Saturday, July 26, 2008

This is the Word

“Open your ears and hear my prayer. Don’t pretend you don’t hear me knocking. Come close and whisper your answer. I really need you.”
—Psalm 55:1-2, The Message

There are times when we are, if not desperate, then at least fervently longing for some word of the Lord. There are things that happen that drain away all words, leaving you with a silence loud enough to make you shout back prayers all day and night to fill it, knocking, knocking at the gates of heaven. And that sense of need, of pleading, comes through in The Message translation of Psalm 55 in one honest statement: “I really need you.”

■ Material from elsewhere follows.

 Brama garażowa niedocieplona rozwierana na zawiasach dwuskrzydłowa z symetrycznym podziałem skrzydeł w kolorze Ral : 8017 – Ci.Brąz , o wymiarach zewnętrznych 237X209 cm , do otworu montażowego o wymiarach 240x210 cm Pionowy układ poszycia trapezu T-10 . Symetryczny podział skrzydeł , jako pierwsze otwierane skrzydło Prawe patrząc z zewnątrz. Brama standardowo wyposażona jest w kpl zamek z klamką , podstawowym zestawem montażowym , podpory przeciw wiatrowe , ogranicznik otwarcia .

There are times when I am less desperate for an answer, but still want to know that there is some response to my questions of life. And for those times, I have the rather odd habit (though not that odd, I have discovered) of typing random things into Google: everything from “What should we have for supper tonight” to “Why are my kids acting crazy?” to the more philosophical “Why do people suffer?” And there is always, always, some word to be found. Sometimes it’s an informational web site with recipes or spiritual guidance, other times it’s just someone else’s blog complaining about unruly kids. There is always someone to answer back; there are always words in response.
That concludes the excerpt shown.